What if we just stopped at the manufacturing of the floor tile? Is there anything about this that assures it will stay the same shape and color on the way to my house? Here, again, we could resort quickly to various laws of physics and chemistry. But, what about those? Surely these physical laws and chemical compounds held constant during each moment of my journey. At any moment of investigation along the way, I would have the same question. Why this, and not that? Aristotle gives us answers. Formal, material, efficient, and final causes each represent actualized potentials. Thus, we can understand the cause(s) of the floor tile in a multifaceted way. We need not stop with a sequence of events. Such a sequence is accidental to the tile itself as it stands (or is stood upon) right now.
If we are only focused on causality in terms of temporal events, then we will ultimately lack sufficient explanation for anything. To take another example, as I look out into my front yard, I see my son’s Big Wheel. I could say the cause of the Big Wheel in my front yard is that my son left it there yesterday afternoon. Maybe I could press on and ask how the Big Wheel got to my son. And then we could talk about the plant, factory, workers, shipping, etc. Ultimately, we would just be explaining each thing by appealing to the prior event ad infinitum. However, this does not really tell us much. Why not ask why the Big Wheel exists as it does? Why does the Big Wheel not spontaneously melt or turn into a pumpkin? Why not ask why the Big Wheel does not collapse into non-being? These are metaphysically interesting questions. Such questions help us understand reality.

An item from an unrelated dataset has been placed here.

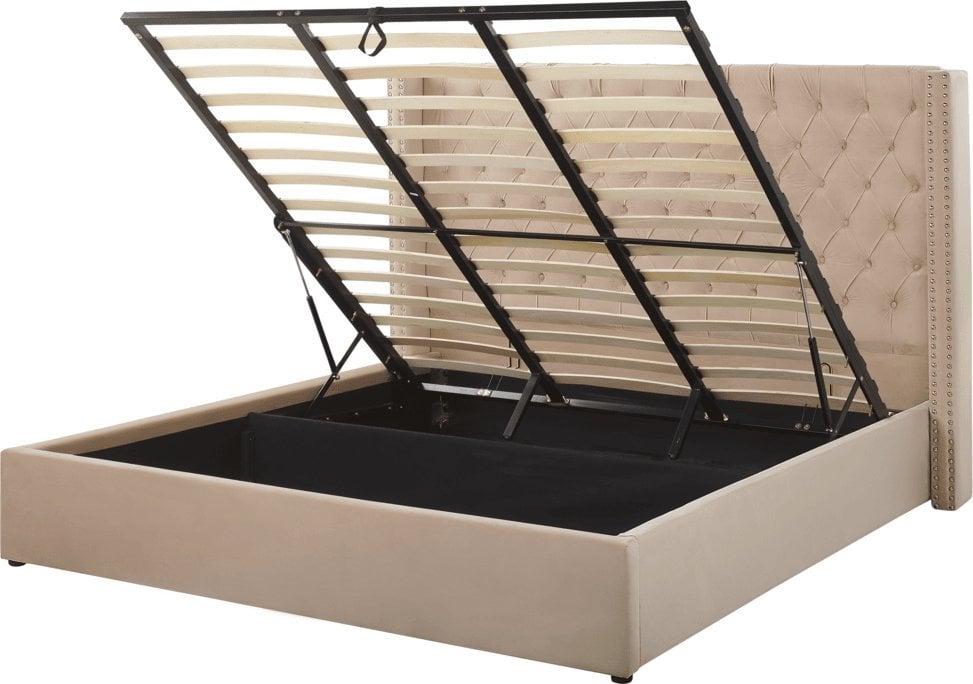 Beliani óko z pojemnikiem welurowe 180 x 200 cm beowe LUBBON

We can explain the existence of the floor tile or the Big Wheel in Aristotelian causal terms in a layered analysis, going so far as we desire in hierarchically ordered causes until terminating in Pure Act. Or, we can stop with a more basic, coherent, and robust understanding of the physical object; existing as a substance with various accidents, having a certain a form, material, efficient, and final cause(s). In any event, we can have a deep metaphysical conversation starting with the simplest objects. I am not aware of another system from which such a fruitful discussion can spring forth. This is especially true of efficient causality, which should be conceived as much more than the mere bringing forth of something from one state to another as most artifactual examples entail. This is, of course, one of the many benefits Aquinas brings in his Aristotelian-grounded philosophy and not an incidental reason why one should consider moving beyond thinking of causes merely in temporally sequenced terms.